Was just listening to a podcast interview with John Goodman the other day. He was talking about involuntary imitation of accents. Something I do sometimes, but never quite wrapped my head around why. He framed it as people pleasing. Surrendering everything about yourself to be the same and therefore accepted. Was an aha moment.
 

Mr. Tea

Let's Talk About Ceps
My "real" personality is a mixture of extreme seriousness and extreme silliness. Both extremes are too extreme to be acceptable to a wide range of people...

This could almost be a description of me, I think.

When I was 12 a friend of mine said I was like "a 50-year-old trapped in a 12-year-old's body who tries to act like other 12-year-olds but overdoes it and ends up acting like a 7-year-old", which was pretty perceptive for a kid of that age, in retrospect.
 

version

Well-known member
I don't feel relaxed talking to my parents for this reason, which is a shame.
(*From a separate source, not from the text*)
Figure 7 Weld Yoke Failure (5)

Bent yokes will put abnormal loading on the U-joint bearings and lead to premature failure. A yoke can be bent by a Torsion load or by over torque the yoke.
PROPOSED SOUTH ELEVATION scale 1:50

I feel like this with my dad, but that's mainly because I'm always waiting for him to blurt out something sexist or homophobic. A woman in a film can be doing literally anything and he'll laugh if it goes wrong and call her a "stupid tart" or something. He kept going on and on about how Harley Quinn is a "psycho slut" and he sends his mates birthday cards that say stuff like "Crazy Woman Canyon; Don't take your wallet!".
 

sadmanbarty

Well-known member
Do you own all that stuff or does it bother you? How did it come to be?



Was just listening to a podcast interview with John Goodman the other day. He was talking about involuntary imitation of accents. Something I do sometimes, but never quite wrapped my head around why. He framed it as people pleasing. Surrendering everything about yourself to be the same and therefore accepted. Was an aha moment.
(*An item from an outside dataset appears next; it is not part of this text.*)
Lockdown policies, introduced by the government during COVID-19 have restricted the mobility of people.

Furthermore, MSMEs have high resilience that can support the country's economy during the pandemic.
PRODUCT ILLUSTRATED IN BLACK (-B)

i own it insofar as i play it off as funny. cheeky, flirtatious arrogance.

it doesn't bother me too much because i don't have to engage with people if i don't want to. if i worked in an office i'd be a basket case.

i wonder if i talk a bit working class when i'm actually firmly middle class. every now and then people will say something that makes me think i'm not coming off as much like carolne lucas as i thought i was.

luke talks working class but says he's middle class.
 

luka

Well-known member
Do you own all that stuff or does it bother you? How did it come to be?



Was just listening to a podcast interview with John Goodman the other day. He was talking about involuntary imitation of accents. Something I do sometimes, but never quite wrapped my head around why. He framed it as people pleasing. Surrendering everything about yourself to be the same and therefore accepted. Was an aha moment.

I've never quite been happy with this in as much as I think accent acquisition is alway mimetic and is always shaped by those around us by necessity. It's not an inherent property like the colour of our eyes
 

luka

Well-known member
i own it insofar as i play it off as funny. cheeky, flirtatious arrogance.

it doesn't bother me too much because i don't have to engage with people if i don't want to. if i worked in an office i'd be a basket case.

i wonder if i talk a bit working class when i'm actually firmly middle class. every now and then people will say something that makes me think i'm not coming off as much like carolne lucas as i thought i was.

luke talks working class but says he's middle class.

I think for me it bothers me in that I'm somewhat lonelier than I would wish to be.nid like to have more friends able to converse on what I consider arrogantly or otherwise to be my level.
 

version

Well-known member
I know a couple of people who come across the way barty describes himself. When you speak to them it feels as though they're constantly taking the piss and the more they protest and go "nah, nah. I'm serious" the more pisstakey it seems.
 

Corpsey

bandz ahoy
My parents aren't very politically engaged (which I inherited off them) but they'd never say anything homophobic or racist or sexist. (Unlike me.)

I think I hide my humour from them because it's so bound up with disgusting/edgy stuff, I'd think they'd be disgusted by it. I do find that stuff funny of course (through an ironic lens) but I also wonder if I evolved it as a defence mechanism at school etc., being fundamentally a weedy dweeb of a child/man.